Sometimes, its easy to believe that we are “the chosen people.” It’s easy to think that our perspective is the right one. Author Anne Lamott writes, “You can safely assume you've created God in your own image when it turns out that God hates all the same people you do.” Paul’s teaching is that all are created equally, regardless of religion, social status, gender, etc. No one is in or out, right or wrong. We are all part of the kingdom of God. 

This is not to say we can’t have pride in or love for our roots, our heritage, or the people most like us. But perhaps we could learn to approach conflict from the way Jesus showed his love for Israel. When Jesus arrived in Jerusalem, in Luke 19, his disciples wanted to rally the people, and unite against the oppressive Roman government.  Rome had been ruthless to the Jews of Israel and Jesus had angered Rome by acknowledging the Jews' pain. But Jesus didn’t join in the rallying cry of “us versus them.” 

Instead, Jesus wept. Luke writes, “He came closer to the city, and when he saw it, he wept over it, saying, ‘If you only knew today what is needed for peace! But now you cannot see it! The time will come when your enemies will surround you with barricades, blockade you, and close in on you from every side. They will completely destroy you and the people within your walls; not a single stone will they leave in its place, because you did not recognize the time when God came to save you!’” (Luke 19:41-44)

Jesus loved his people dearly, but their pride and bravado kept them from seeing the bigger picture. While they wanted justice for themselves, Jesus was focused on salvation for all. And he wept because he loved them, and their thirst for vengeance was keeping them from understanding his teachings to “love one another.” 

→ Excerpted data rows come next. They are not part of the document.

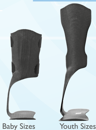
Baby Sizes Youth Sizes kiddieGAIT®
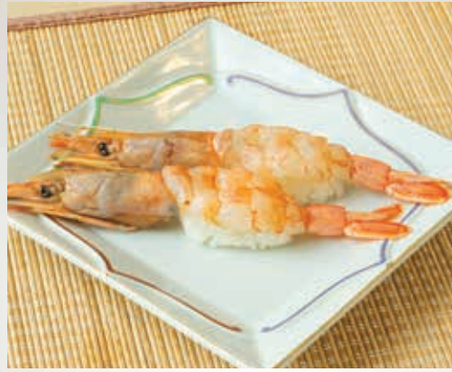
赤海老 AKA EBI SUSHI
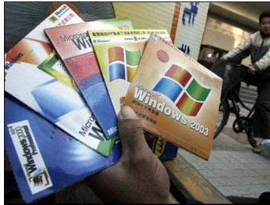
Figure 12: Pirated Software Ready for Sale

Convenience is often a factor for individuals and organizations that will copy an application for immediate use, making the copying process more convenient than obtaining a new license. While believing this one off event will not have any ethical or financial impact, the accumulation of these events leads to severe piracy issues worldwide.

So perhaps on this anniversary of a day filled with so much pain around the world, may we remember that all people come from the same loving Creator. May we remember that in conflict, there is truth on both sides. And may we weep for our loss, and grieve our hurt, so that we do not let our pain keep us from uniting as one Kingdom of God.     ~Amen

Zach Herzog

(Several of my ideas for this devotion were inspired by “Patriotism and Christianity” by Ryan Hamm. In today’s political arena, it is a great read for some perspective on God and Country.)